Find the range of the data. If you get stuck, the adaptive hint is: Answer: 20.
Explorer missions hit the core abstraction at typical numeric ranges — this is where conceptual mastery is built. Within 6th Grade Statistics, expect numbers in the corresponding range.
Confusing mean with median. Mean is computed (sum ÷ count). Median is found by position. Different methods.
Lineplot (Line plots visualise data sets that statistics summarise.). Open /grade-6/lineplot to start that topic's missions.
Inquiry-based learning starts with a question, not a formula — students explore, hypothesize, and verify before being told the rule. In Inquiry AI, every mission opens with a "Discovery" step (manipulate the model), then "Abstraction" (write the equation), then "Reflect" (apply to a new case). The procedure is never given upfront; learners derive it from their own observations.

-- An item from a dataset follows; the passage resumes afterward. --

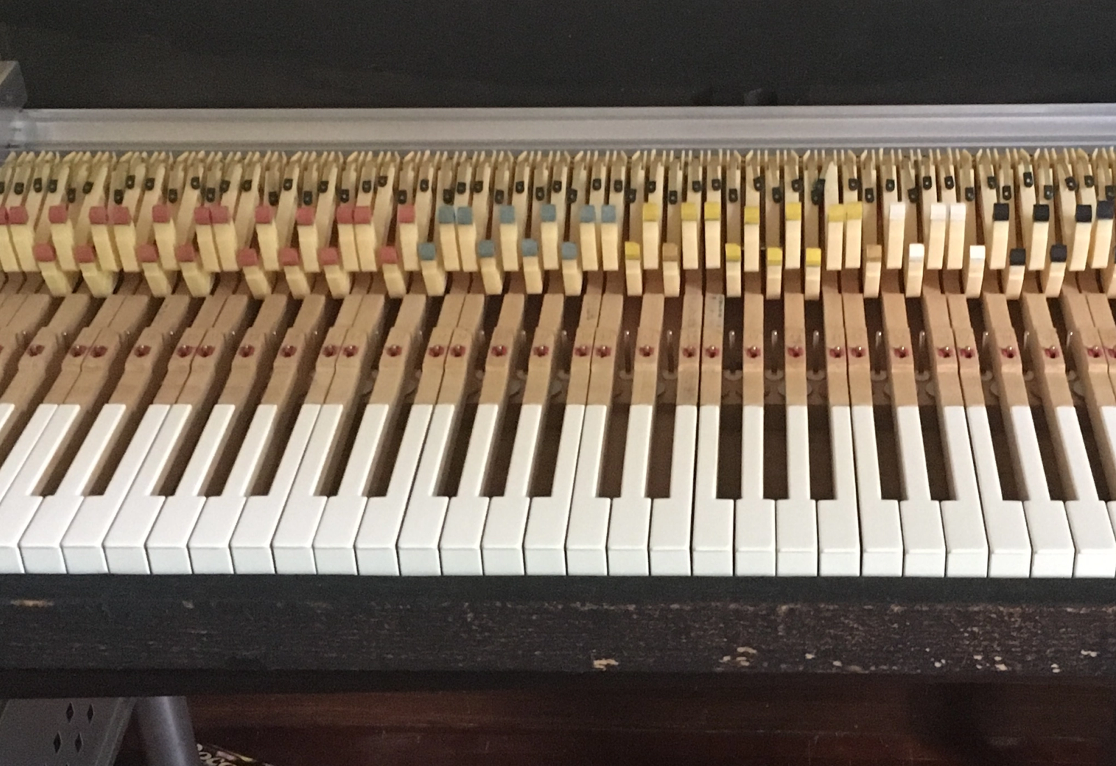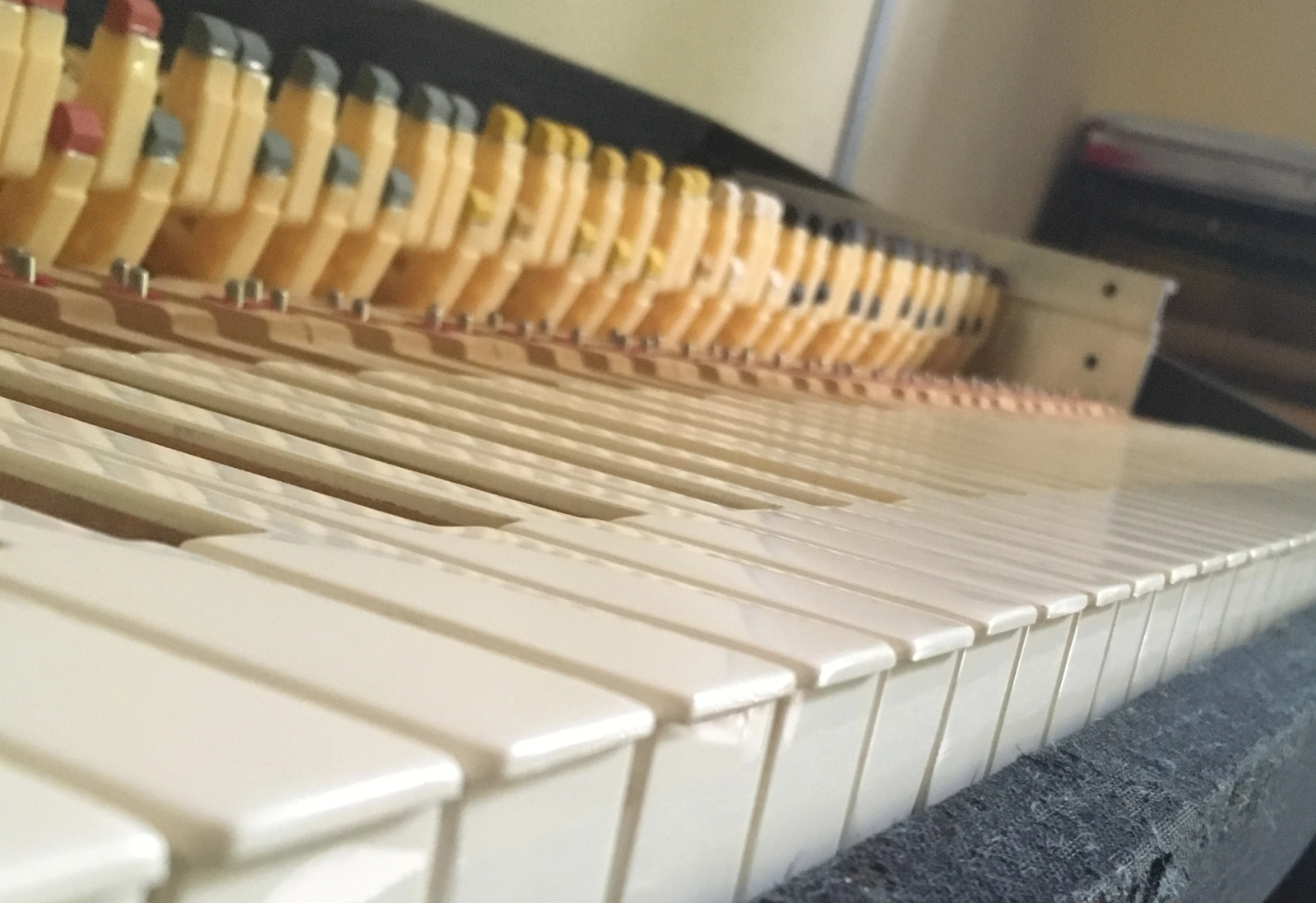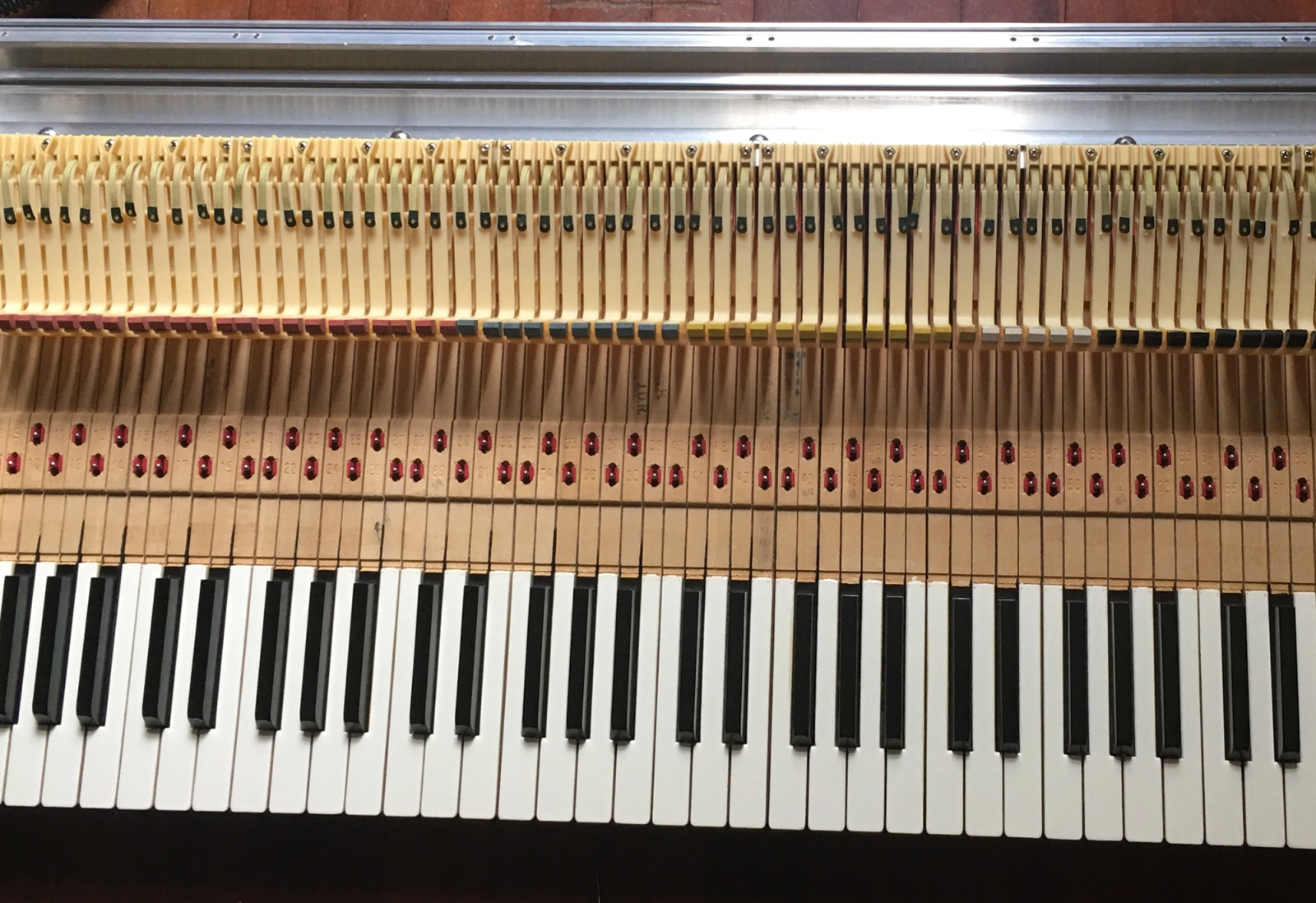 Piano keys height was fully re-adjusted following the manual best practices and making sure there are no uneven spaces in the harp frame.

Pure discovery is inefficient — kids hit a wall and quit. Guided Discovery scaffolds the path: a careful sequence of questions, models, and adaptive hints leads the learner toward the insight without revealing it. Inquiry AI's hint system fires automatically after ~15s of hesitation or on the first mistake, escalating from a Socratic nudge to a worked example only when needed. Mistakes are diagnosed via "misconception keys" so the hint matches the actual wrong-thinking pattern.